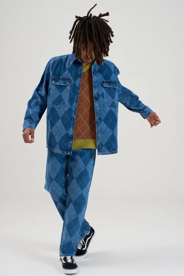 Ragged Jeans mens blue argyle denim shirt.
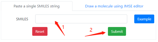 You can paste a single SMILES string to the textbox, then click on the submit button to submit the calculation.
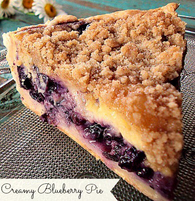 This Creamy Blueberry Pie is a twist on the classic blueberry pie with a creamy custard filling and topped with a crunchy streusel.
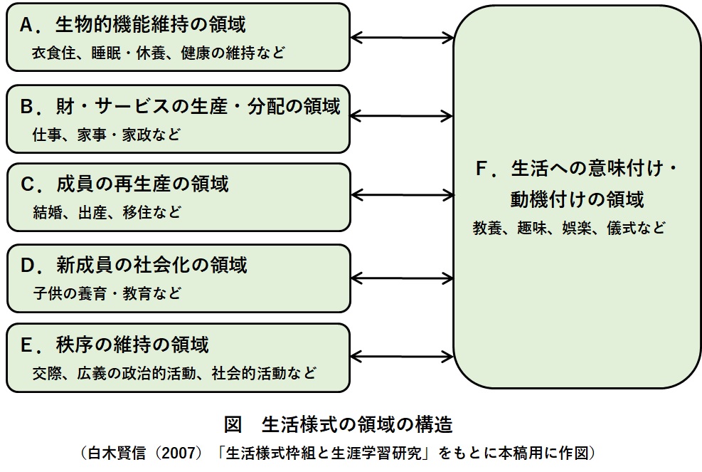 論文では、白木賢信(2007)「生活様式枠組と生涯学習研究」(日本生涯教育学会編『生涯学習研究e事典』所収)http://ejiten.javea.or.jp/contente385.html(2020年5月21日閲覧)でまとめたことがあります。

TASK TO COMPLETE. Exactly as written, set down the lines from the line holding "You can paste" to the last line of the data, both ends included, pictures excluded.

ANSWER SPACE.
 You can paste a single SMILES string to the textbox, then click on the submit button to submit the calculation.
 This Creamy Blueberry Pie is a twist on the classic blueberry pie with a creamy custard filling and topped with a crunchy streusel.
 論文では、白木賢信(2007)「生活様式枠組と生涯学習研究」(日本生涯教育学会編『生涯学習研究e事典』所収)http://ejiten.javea.or.jp/contente385.html(2020年5月21日閲覧)でまとめたことがあります。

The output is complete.